I am fascinated with how people gather in spaces that are important to them. More to the point, I am drawn to the circles that people gather in. As a teacher for 25 years, I have long found it very difficult to teach in a room where desks are in long straight rows, all facing one direction. There is an implicit message there: the many matter less than the one, and the many are there for the one. The one speaks and the many listen. The one is in control and the many are controlled.

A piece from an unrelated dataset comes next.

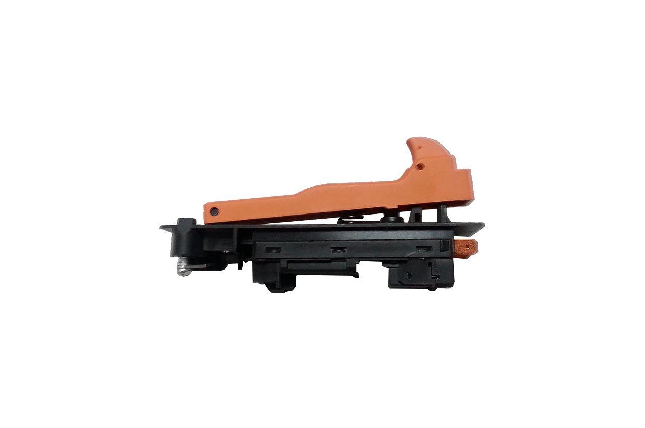 Кнопка болгарки Makita 9069. З захистом від випадкового пуску (включиться тільки посленажатія на додатковий курок попереду педалі). Має кріплення мережевих дротів гвинтами, проводів з двигуна - клемами. Має посадку під кріплення фіксатора кабелю.
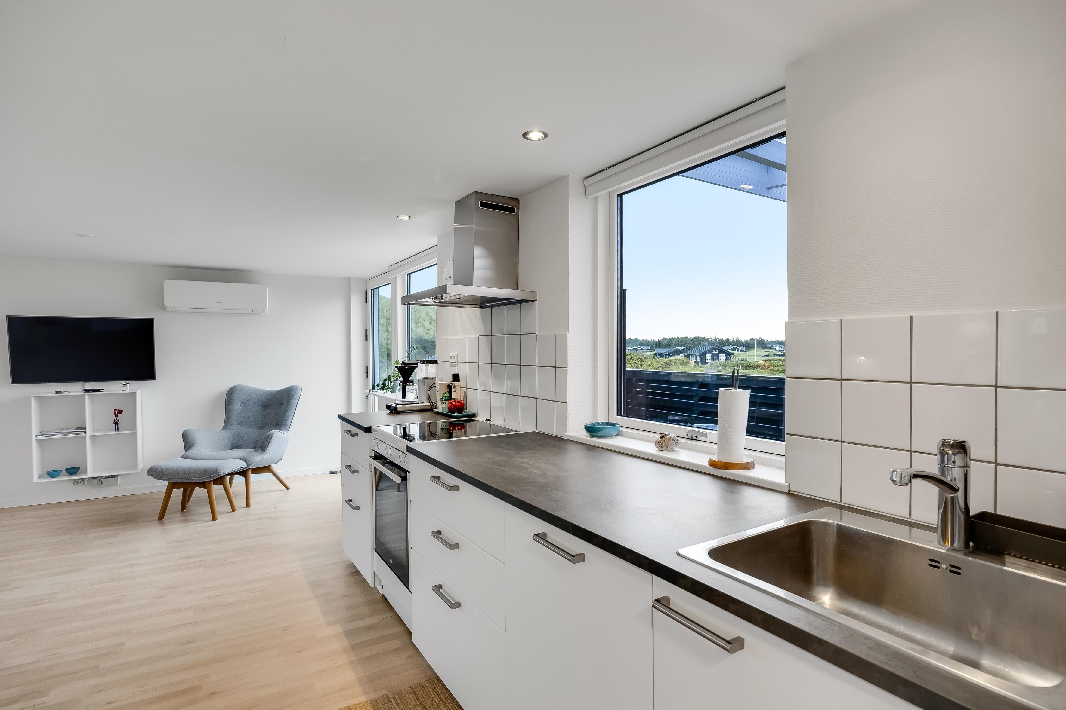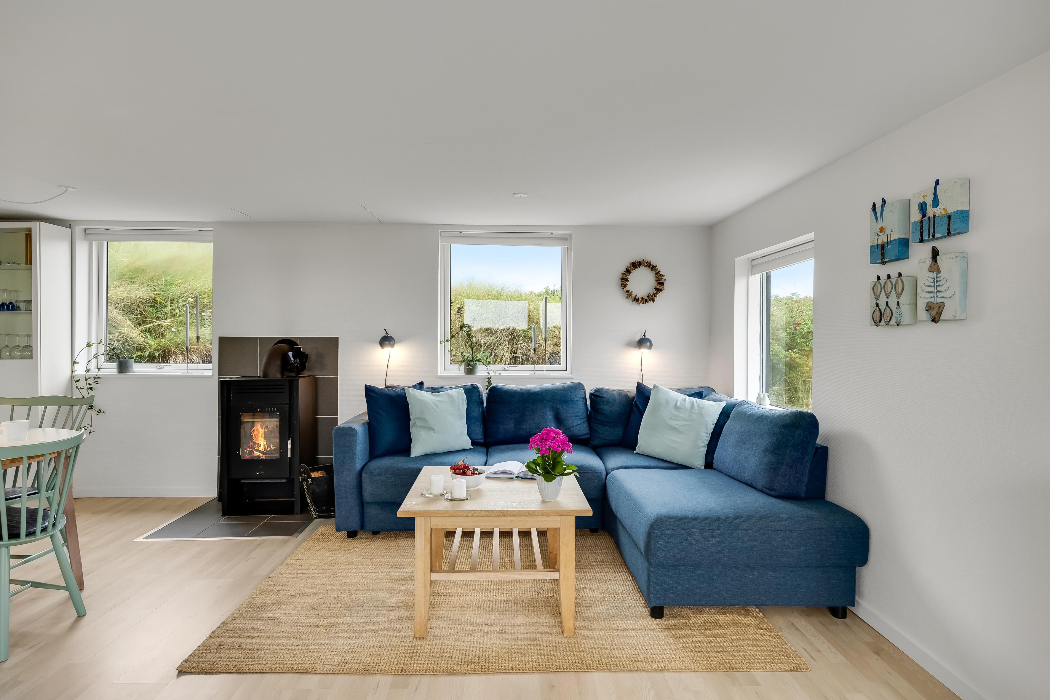 Fra stuen har du en skøn udsigt til områdets smukke natur og andre sommerhuse, og med den korte afstand til stranden og kun ca. 2 km til centrum af Løkken, får du både ro og liv lige i nærheden.

I try, as best I might in the crowded classrooms of today, to create circles in my classroom. Often, the circle one can creation with 35 students in a room requires imagination, but it’s the effect I am looking for. I want a space where with some ease, everyone in the room can see everyone in the room. At any given moment, everyone is the focus and no one is the focus. I want a space that suggests that we are working together and that our work is very much like a conversation where people take turns speaking and listening. I want a space where everyone there feels safe, accepted, and welcome.
Circles imply that to me. Circles, however we configure them, create the experience of sheltering walls. They create intimacy. They create a mutuality that cannot be escaped unless one leaves the circle. Herein is the spiritual challenge of circles, as I see it: only when human beings gather themselves in circles can we offer each other the experience of sheltering walls, and when we do, we begin to face into each other’s eyes, hearts and persona lives. We cannot sit in circles and remain anonymous, even if we all agreed to. Facing into each other, be not only become for each other sheltering walls, but we become more visible to each other, more vulnerable, and as a result, more fragile. As we create sheltering walls, we actually find in each other what is in need of shelter. As circles gather us up, they, quite powerfully, tear us open.
That’s the promise and the risk of creating circles, of becoming sheltering walls.